One thing that I wanted to do while staying in Paris this trip was to visit the town where Simon Savard, an ancestor, lived before he emigrated to Canada and started the line that went through my grandmother, on my father’s side. I mentioned Simon Savard in an earlier post, when I came across his entry in a book I spotted by chance at the Bibliothèque Nationale.
According to “Our French-Canadian Ancestors,” by Thomas LaForest, Simone Savard, a carriages-maker, purchased a house from his brother-in-law in 1650. The house was located in Montreuil-sur-Vincennes (today, Montreuil, or Montreuil-sous-Bois) on rue Cuve du Four (today, Alexis Lepère). With his wife and six children, Simon left Montreuil in 1663 for a new life in New France.
Montreuil is a suburb of Paris, reachable by Metro — that is, reachable by Metro on a non-strike day. We had to change our original plan and wait for a day when Metro workers were not striking, but on one of our last days in Paris, we visited the town.
Our first stop was the Mairie.

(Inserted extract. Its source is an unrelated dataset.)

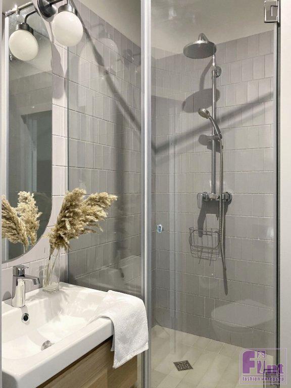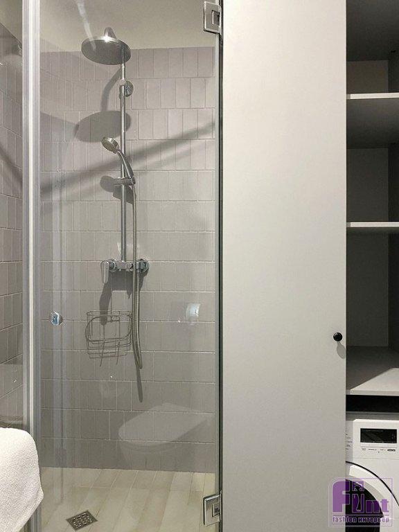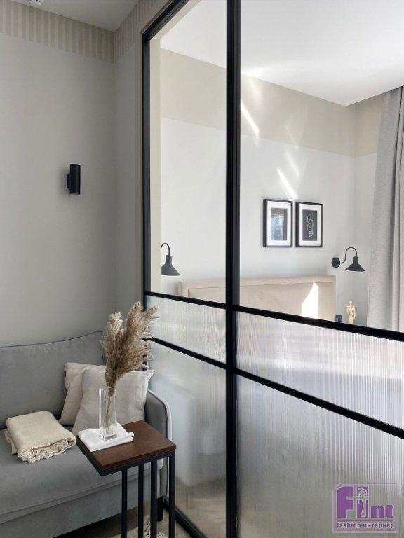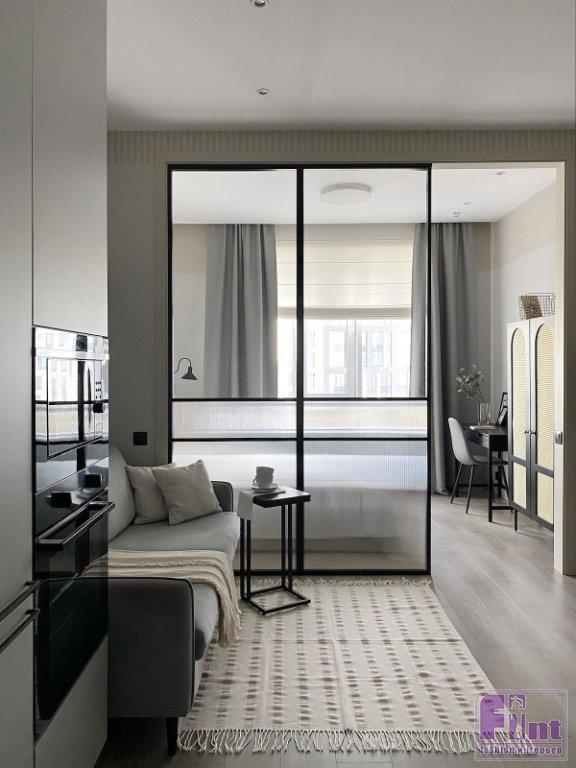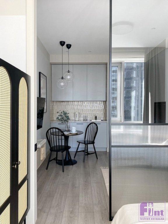 Вытянутая студия сдавалась застройщиком с перегородками санузла, дизайнер предложила разделить площадь комнаты, чтобы сделать изолированную спальню. Приватную зону спальни оборудовали у окна и закрыли раздвижной стеклянной перегородкой. Так естественный свет попадает в остальную часть квартиры. Кухню сделали очень компактной, а также уместили маленькую гостиную зону. Поэтому в студии получилось создать функционал двухкомнатной квартиры с отдельной спальней и гостиной.

There, we were ushered in to the office of the city archivist. He told us that he has met many Savards, visiting the town in search of ancestral roots. Most everything I would want to know, if it is available, is online, and he showed me where to find information. His colleague walked in to the office with a map of Montreuil as it appeared in Simon’s time. We looked at it, and when we were done, they rolled it up and gave it to me to take home.

After leaving the mayor’s office, we went to visit L’Eglise Saint-Pierre, where Simon married Marie Hourdouille in June 1644. From the church, we walked along rue de l’Eglise, which becomes Alexis Lepère after a block. Except for its curving path, Alexis Lepère looks nothing like the old rue Cuve du Four, but it was fun to know that on one of these plots of land (I don’t know exactly which), my eighth great grandfather raised a family until he decided that life would be better elsewhere.




How did Simon make out in New France? According to “Our French-Canadian Ancestors,” he and his family, on the verge of starvation, were granted staples, clothing, blankets and other aid by the Sovereign Council in the late spring of 1664. His family survived, but Simon never recovered from something contracted on the voyage to Canada in a ship packed with 150 people. He died in the summer of 1664.